Тут были возможны разные жульнические комбинации, и в одной из них Вышимирский обвинял Николая Антоныча.

Он обвинял его в том, что векселя, которые Николай Антоныч перевел на его имя вместе с доверенностью, были «безнадежные», то есть что Николай Антоныч заранее знал, что «векселедатели» уже разорились и ничего платить не станут. А Вышимирский этого не знал и принял векселя как деньги, — тем более, что «векселедатели» были разные купцы и другие почтенные по тем временам люди. Он узнал об этом, лишь, когда шхуна ушла, оставив долгов на сорок восемь тысяч. В уплату этих долгов никто, разумеется, не принимал «безнадежных» векселей.

И вот Вышимирский должен был заплатить эти долги из своего кармана. А потом он должен был заплатить их еще раз, потому что Николай Антоныч подал на него в суд, и суд постановил взыскать с Вышимирского все деньги, которые были переведены на его имя в Архангельск.

Конечно, я очень кратко рассказываю здесь эту историю. Старик рассказывал ее два часа и все вставал и садился.

— Я дошел до Сената, — наконец грозно сказал он. — Но мне отказали.

Ему отказали — и это был конец, потому что имущество его было продано с молотка. Дом — у него был дом — тоже продан, и он переехал в другую квартиру, поменьше. Жена у него умерла от горя, и на руках остались малолетние дети. Потом началась революция, и от второй квартиры, поменьше, осталась одна комната, в которой ему теперь приходится жить. Конечно, «это — временное», потому что «правительство вскоре оценит его заслуги, которые у него есть перед народом», но пока ему приходится жить здесь, а у него взрослая дочь, которая владеет двумя языками и из—за этой комнаты не может выйти замуж: мужу некуда въехать. Вот дадут персональную пенсию, и тогда он переедет.

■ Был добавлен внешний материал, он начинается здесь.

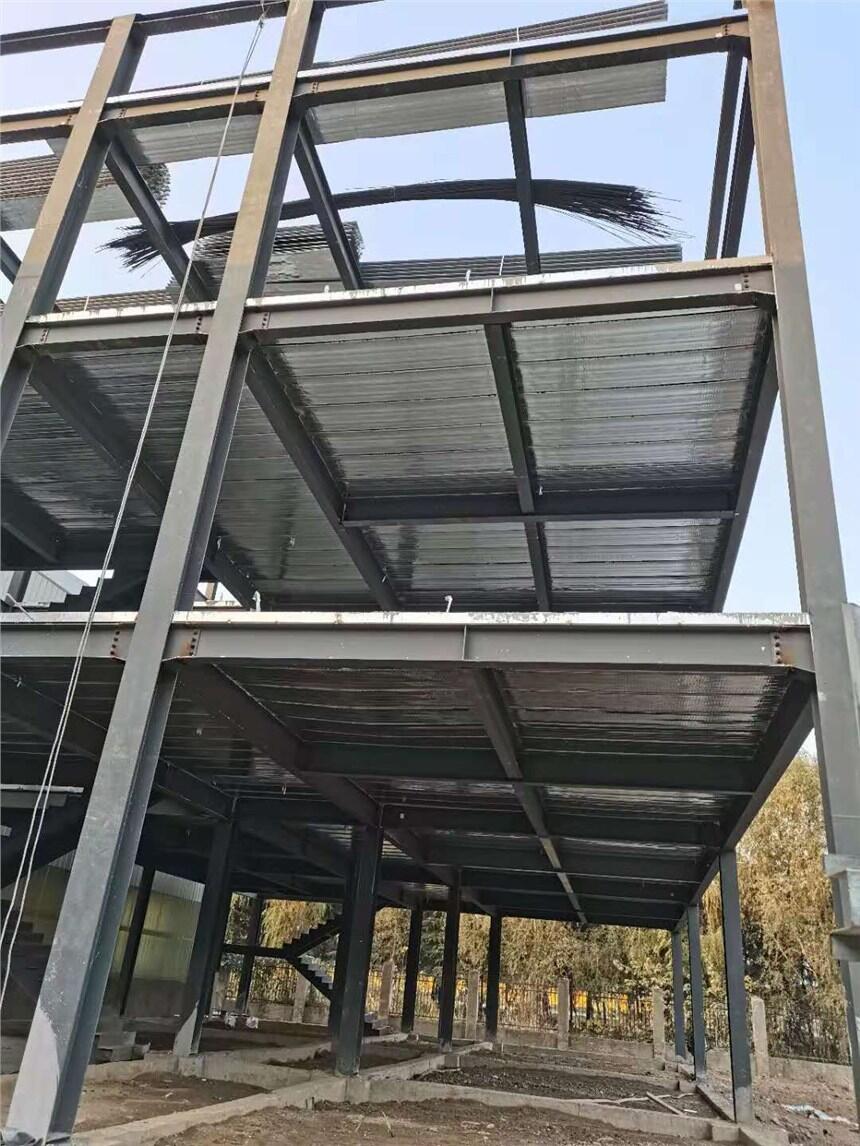 ? ? ? 我公司生产的钢筋桁架楼层板,是由一根上弦钢筋,2根下弦钢筋,2根腹杆钢筋,通过钢筋桁架楼层板生产设备,自动成型,自动焊接,自动剪切,加工成桁架筋。再把桁架筋通过高频电阻焊接在加工好的镀锌板上,使桁架筋和镀锌板成为一体的钢筋桁架楼层板。这种模板的作用就是把混凝土楼板里面的钢筋跟施工模板组合,形成一个在施工阶段能够承受湿混凝土自重的承重机构。钢筋桁架楼承板替代了大量的木模板、钢管脚手架支撑,减少了对环境资源的浪费。由于钢筋桁架模板采用自动化加工设备与制造工艺,实现了标准化、工厂化大规模生产,具有焊接质量稳定、钢筋分布均匀及产品尺寸准确等优势;采用机械化、工业化安装,改变了工人施工条件,有效确保施工质量。

— Куда—нибудь, хоть в дом инвалидов, — сказал он, горько махнув рукой.

Очевидно, этой взрослой дочери очень хотелось замуж, и она его выживала.

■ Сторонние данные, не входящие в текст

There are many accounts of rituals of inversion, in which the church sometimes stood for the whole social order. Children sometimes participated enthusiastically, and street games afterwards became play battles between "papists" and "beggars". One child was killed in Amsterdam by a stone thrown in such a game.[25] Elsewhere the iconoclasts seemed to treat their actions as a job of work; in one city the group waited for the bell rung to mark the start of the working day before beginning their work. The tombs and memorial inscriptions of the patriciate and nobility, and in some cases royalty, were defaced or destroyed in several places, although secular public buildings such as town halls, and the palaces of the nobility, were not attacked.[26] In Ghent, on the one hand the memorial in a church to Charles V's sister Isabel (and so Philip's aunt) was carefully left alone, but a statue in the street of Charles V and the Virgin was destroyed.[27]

— Николай Иваныч, — сказал я ему. — Можно мне задать один вопрос: вы говорите, что он прислал вам эту доверенность в Архангельск. Каким же образом она снова к нему попала?

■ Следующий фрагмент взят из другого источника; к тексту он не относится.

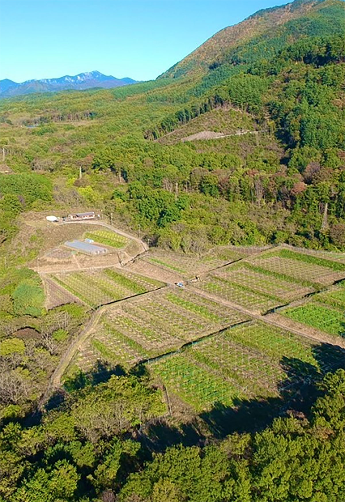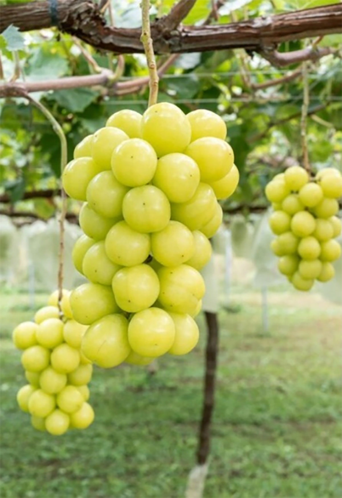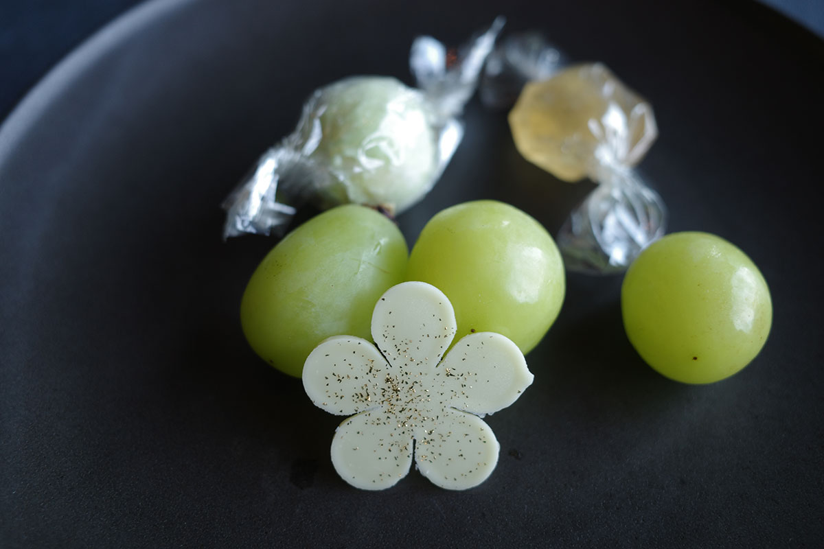 主役のシャインマスカットは、前述の通り山梨県・北杜市にある自社契約農園で大切に育てられたもの。日本有数の日照時間を誇る土地で、太陽の恵みをたっぷり浴びながら、シェフたちが何度も足を運び、農園の方々と共に手をかけて育ててきました。2021年に始まったこのプロジェクトは、今年ついに十分な収穫量を迎え、こうしてメニューとしてお目見えすることに!

Вышимирский встал. У него раздулись ноздри, и седой хохол на голове затрясся от негодования.

— Я бросил эту доверенность ему в лицо, — сказал он. — Он побежал за водой, но я не стал ее пить. Я ушел, и со мной был обморок на улице. Да что говорить!

И он снова горько махнул рукой.

Я слушал его с тяжелым чувством. В этом рассказе было что—то грязное, такое же, как и все вокруг, так что мне все время хотелось вымыть руки. Мне казалось, что наш разговор будет новым доказательством моей правоты, таким же новым и удивительным, каким было внезапное появление этого человека. Так и вышло. Но мне было неприятно, что на этих новых доказательствах лежал какой—то грязный отпечаток.

Потом он снова заговорил о пенсии, что ему «непременно должны дать персональную пенсию, потому что у него сорок пять лет трудового стажа». К нему уже приходил один молодой человек и взял бумаги и, между прочим, тоже интересовался Николаем Антонычем, а потом не пришел.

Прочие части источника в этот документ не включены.